**YOUR ASSIGNMENT:** Please copy all of the data that follows exactly, leaving any pictures out.

**DATASET EXCERPTS:**
*** Begin section ***
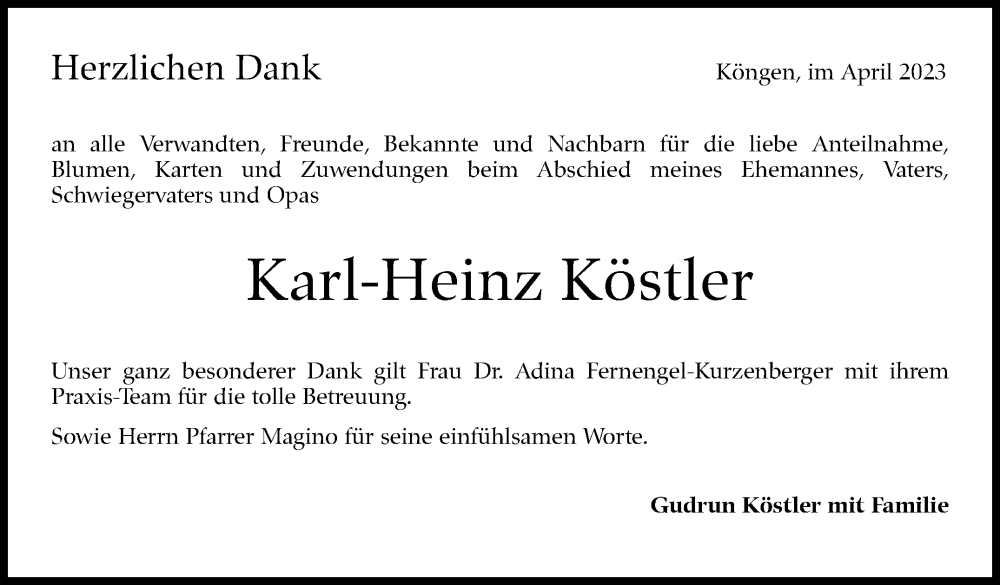Hier finden Sie alle Traueranzeigen aus der Zeitung, die bisher für Karl-Heinz Köstler erschienen sind. Weitere Traueranzeigen, die in der Zeitung erscheinen, werden hier ebenfalls aufgelistet
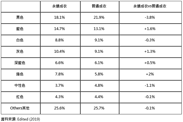 表5:永續(xù)成衣與普通成衣的顏色組合(2016-2018)
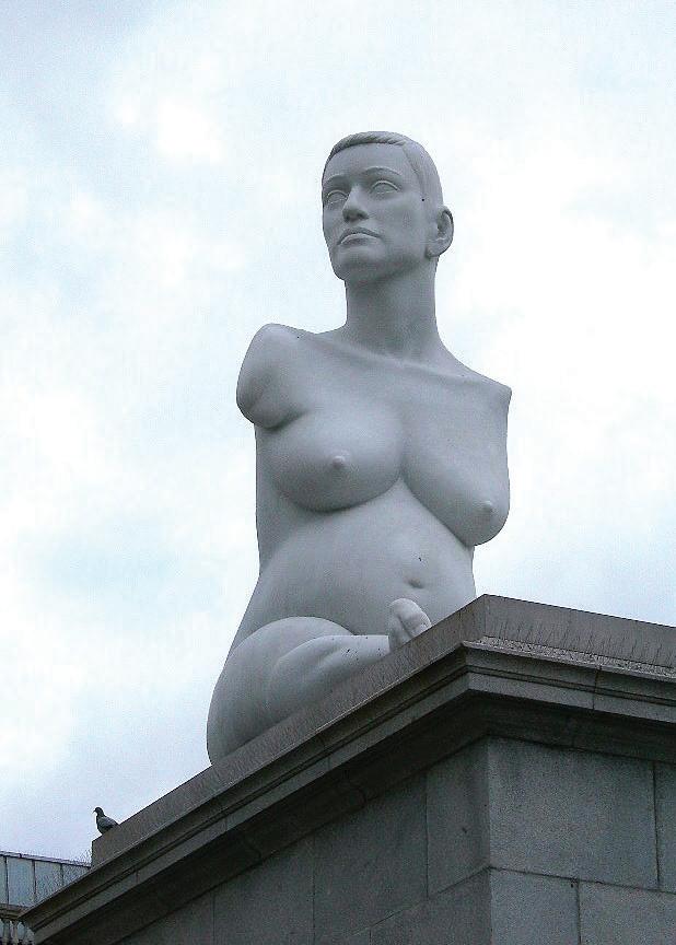 11.5 foot tall, 13-ton marble sculpture exhibited on a plinth in London’s Trafalgar Square for eighteen months in 2006, drew hostile reactions from certain quarters: not only was Lapper nude (and barefoot), but she was also pregnant and disabled and occupying a space traditionally associated with able-bodied men. (Many conveniently forgot that Admiral Horatio Nelson, standing on top of a tall column in the centre of the square, was himself physically disabled.)4
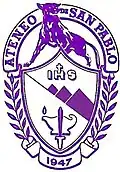 The first is the official seal of the school. Ateneo de San Pablo's seal is different from the school seals of the other Ateneos which all have the shield of the family of St. Ignatius of Loyola.
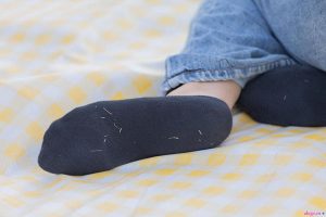 (袜子)戴帽青春姑娘脱掉鞋露白色短棉袜子美脚活泼地秀起来,袜子脚底原味脏兮兮的!95张
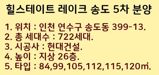 이렇게 힐스테이트 레이크 송도 5차 아파트 분양정보를 정리했는데요.
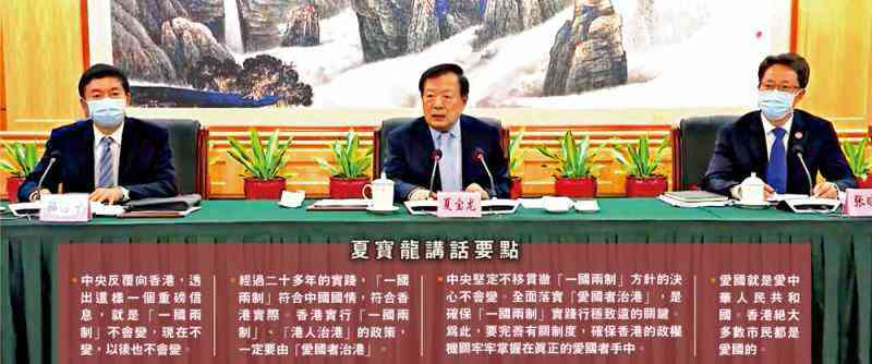 全國政協(xié)副主席、國務(wù)院港澳事務(wù)辦公室主任夏寶龍?jiān)跁媳硎荆醒雸?jiān)定不移貫徹“一國兩制”方針的決心不會變。全面落實(shí)“愛國者治港”,是確保“一國兩制”實(shí)踐行穩(wěn)致遠(yuǎn)的關(guān)鍵。為此,要完善有關(guān)制度,確保香港的政權(quán)機(jī)關(guān)牢牢掌握在真正的愛國者手中。愛國就是愛中華人民共和國。香港絕大多數(shù)市民都是愛國的。中央有關(guān)部門會繼續(xù)聽取香港各界人士關(guān)于進(jìn)一步完善有關(guān)制度的意見建議。
*** End section ***
**FINAL ANSWER:**
Hier finden Sie alle Traueranzeigen aus der Zeitung, die bisher für Karl-Heinz Köstler erschienen sind. Weitere Traueranzeigen, die in der Zeitung erscheinen, werden hier ebenfalls aufgelistet
 表5:永續(xù)成衣與普通成衣的顏色組合(2016-2018)
 11.5 foot tall, 13-ton marble sculpture exhibited on a plinth in London’s Trafalgar Square for eighteen months in 2006, drew hostile reactions from certain quarters: not only was Lapper nude (and barefoot), but she was also pregnant and disabled and occupying a space traditionally associated with able-bodied men. (Many conveniently forgot that Admiral Horatio Nelson, standing on top of a tall column in the centre of the square, was himself physically disabled.)4
 The first is the official seal of the school. Ateneo de San Pablo's seal is different from the school seals of the other Ateneos which all have the shield of the family of St. Ignatius of Loyola.
 (袜子)戴帽青春姑娘脱掉鞋露白色短棉袜子美脚活泼地秀起来,袜子脚底原味脏兮兮的!95张
 이렇게 힐스테이트 레이크 송도 5차 아파트 분양정보를 정리했는데요.
 全國政協(xié)副主席、國務(wù)院港澳事務(wù)辦公室主任夏寶龍?jiān)跁媳硎荆醒雸?jiān)定不移貫徹“一國兩制”方針的決心不會變。全面落實(shí)“愛國者治港”,是確保“一國兩制”實(shí)踐行穩(wěn)致遠(yuǎn)的關(guān)鍵。為此,要完善有關(guān)制度,確保香港的政權(quán)機(jī)關(guān)牢牢掌握在真正的愛國者手中。愛國就是愛中華人民共和國。香港絕大多數(shù)市民都是愛國的。中央有關(guān)部門會繼續(xù)聽取香港各界人士關(guān)于進(jìn)一步完善有關(guān)制度的意見建議。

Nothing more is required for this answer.